NATHAN ASHBY-KUHLMAN > Blog Entry

The Web needs Xanadu features

David Carlson mentions Ted Nelson in an E-Media Tidbits post Tuesday. Nelson is a true pioneer — he coined the word “hypertext” before people had personal computers. He’s spent much of his life trying to develop a system he called “Xanadu,” an idea that predated the World Wide Web. One of Xanadu’s features would have been a micropayment system, as Carlson notes. Other features have been largely impractical on the Web, like bi-directional linking and the ability to address individual paragraphs, sentences or even words in someone else’s document. That last feature was critical to Nelson’s vision of a document publishing system where anyone could quote any other document, comment on it, or rearrange it and make something new. The original author would be paid via those micropayments according to the percent of the original work included in the derived work.

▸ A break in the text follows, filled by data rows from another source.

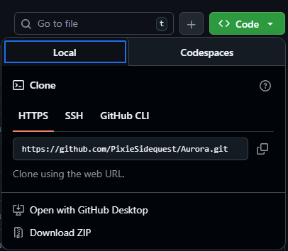 Run: “git clone https://github.com/pixiesidequest/aurora.git”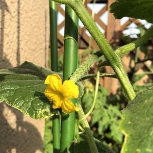 きゅうりもグングン成長し、植え付けの倍くらいの約45センチ程になりました♪ しっかり長い竹の添え木を追加しました。 ツルも伸びてきて、良い感じです💓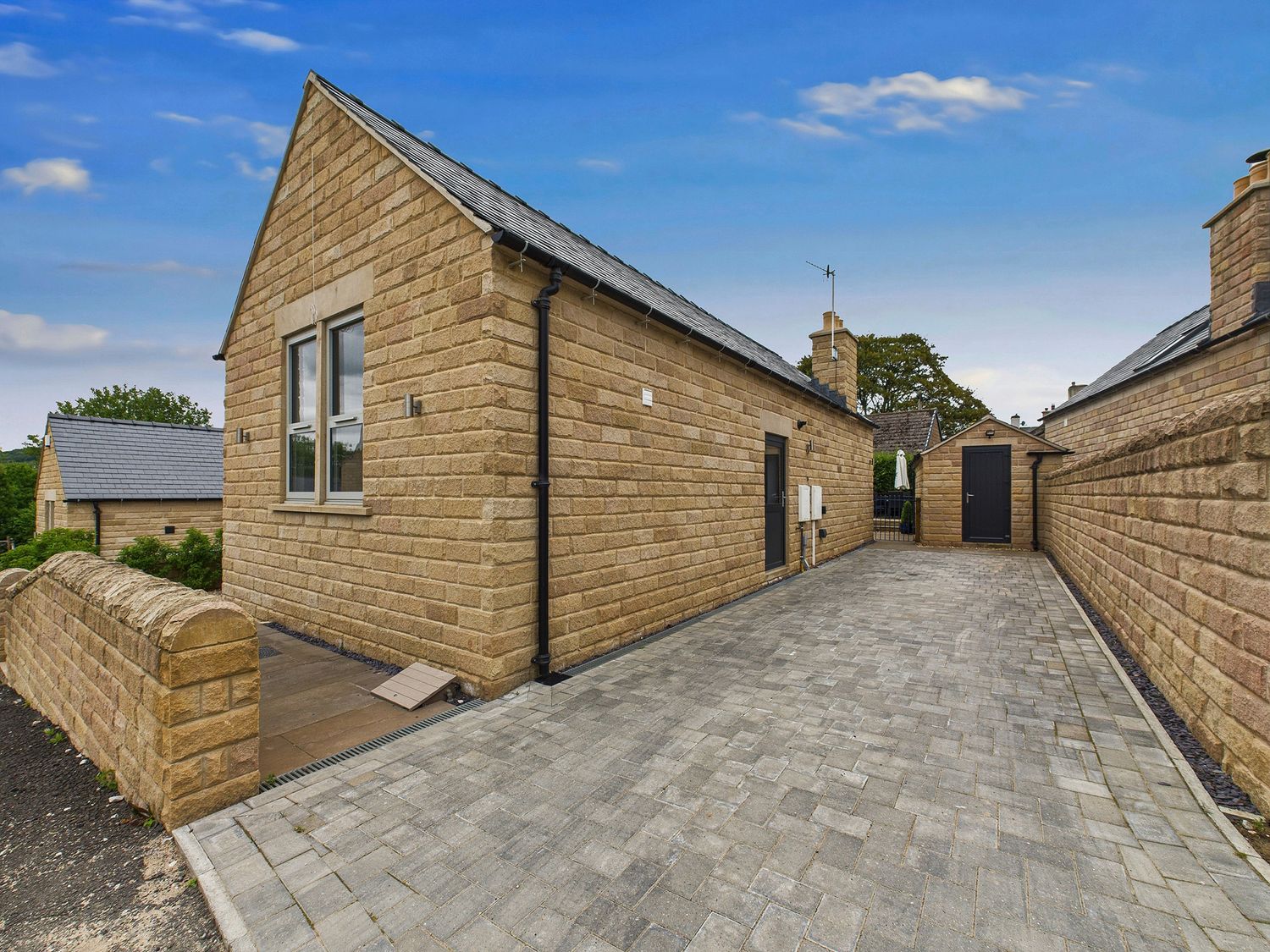 "Oakwood Lodge is split across three levels and consists of a kitchen/diner equipped with electric double oven, induction hob, microwave, fridge, freezer, dishwasher and dining seating for six guests, a utility with washing machine and tumble dryer, and a sitting room with Smart TV. The bedrooms consist of a ground-floor king-size, a king-size with TV and en-suite shower room a ground-floor twin, serviced by a ground-floor bathroom. Outside there is a private rear multi-level garden with patio, lawn and furniture, as well as off-road parking for three cars and bike storage in the shed. Within 1.1 miles, you will find a shop, within 0.1 miles, a pub and please note that two well-behaved dogs are welcome but sorry, no smoking. WiFi, fuel, power, bed linen and towels are all included in the price. A travel cot and highchair are also available on request. Oakwood Lodge is a wonderful getaway in Derbyshire. Note: There are four steps up to the kitchen and living spaces. Please note: this property can be booked alongside Oakwood House (1057697), sleeping a total of 18 guests when booked together. "

Blogs approximate Nelson’s vision of a system for free discussion and quotation, but the design of HTML only allows them to link to an entire document. They can’t link directly to a particular sentence; the reader would have to scroll and skim through the document to find it. And bloggers definitely can’t quote from an original work without literally copying the quote. Xanadu would have let a reader’s browser go grab a particular sentence on the fly from the original publisher’s server and insert it, eliminating copyright problems and defining documents’ relationships within their markup code. The Web would be better with this idea of “transclusion.”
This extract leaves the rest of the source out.